En 2015-2016, les dépenses militaires canadiennes étaient tombées sous la barre de 1 % du PIB. L’an dernier, elles avoisinaient plutôt 1,34 %, selon un rapport de l’OTAN.

Jeudi, M. Blair a dit qu’il était possible d’atteindre cette cible plus rapidement, sans donner de date précise. Il a toutefois assuré que la cible de 5 % n’avait pas été évoquée lors de ses discussions avec les responsables américains pendant son voyage à Washington.

Plus tôt dans la journée, le sénateur républicain de la Caroline du Nord Thomas Tillis avait accusé le Canada de ne pas faire sa part auprès de l’OTAN, allant jusqu’à comparer les Canadiens à des enfants frustrés qui tiennent les États-Unis pour acquis en matière de défense.

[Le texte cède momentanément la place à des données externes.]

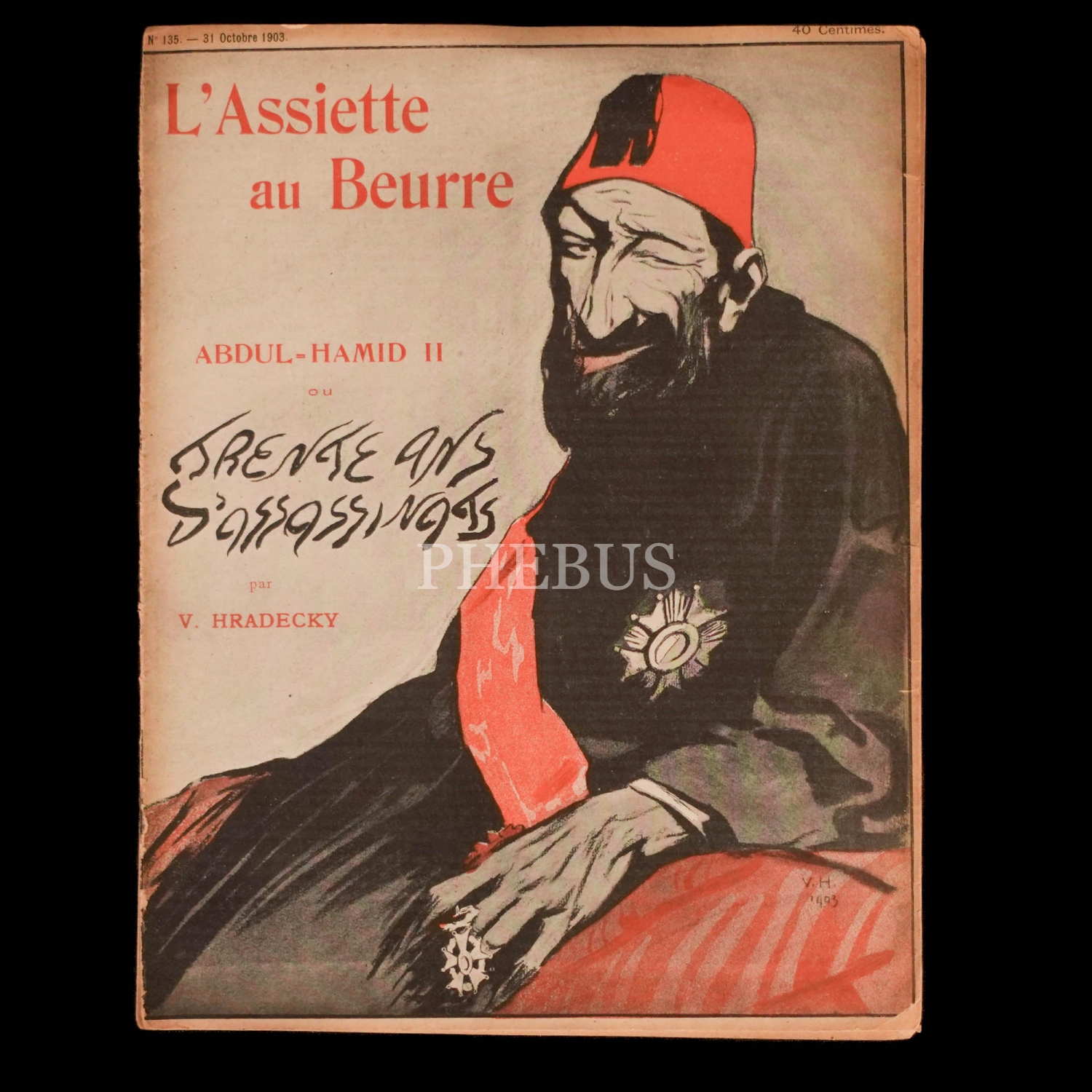 L´ASSIETTE AU BEURRE dergisinin, tamamı Sultan İkinci Abdülhamid karşıtı karitürlerden oluşan, 31 Ekim 1905 tarihli 135. sayısı, 25x32 cm...

Appelé à réagir à ces déclarations, le ministre Blair a affirmé que l’une des raisons pour lesquelles nous sommes venus aux États-Unis, c’est pour expliquer à nos collègues américains les importantes contributions que fait le Canada pour la défense de l’Amérique du Nord.

Le Canada travaille très fort pour atteindre la cible de dépenses militaires appropriées, mais nous voyons chaque dollar dépensé comme un investissement non seulement dans nos capacités militaires, mais aussi dans notre industrie, notre économie et nos travailleurs, a-t-il ajouté.

Il n’est pas uniquement question de savoir combien nous dépensons, mais aussi pourquoi nous le faisons et comment nous le faisons.

Une citation deBill Blair, ministre de la Défense nationale du Canada

Le ministre Champagne a renchéri en soulignant l’importance pour le Canada et les États-Unis d’augmenter leurs capacités industrielles […] pour être capables d’absorber ces investissements-là.

Il a aussi affirmé qu’il avait été question de vulnérabilités au niveau des chaînes d’approvisionnement dans différents secteurs, comme les minéraux critiques, le titane, les semi-conducteurs, le cobalt, etc. Nous avons besoin de travailler ensemble pour nous attaquer à ces vulnérabilités et le Canada est le mieux placé pour y remédier, a-t-il ajouté.

Selon lui, les responsables américains rencontrés sont désormais conscients du fait que la sécurité économique est aussi [une question de] sécurité nationaleNous avons maintenant plus d’alliés à Washington qui comprennent le rôle stratégique [que joue le] Canada […] pour rendre l’Amérique plus sécure dans cette période de turbulence mondiale, a enfin dit M. Champagne.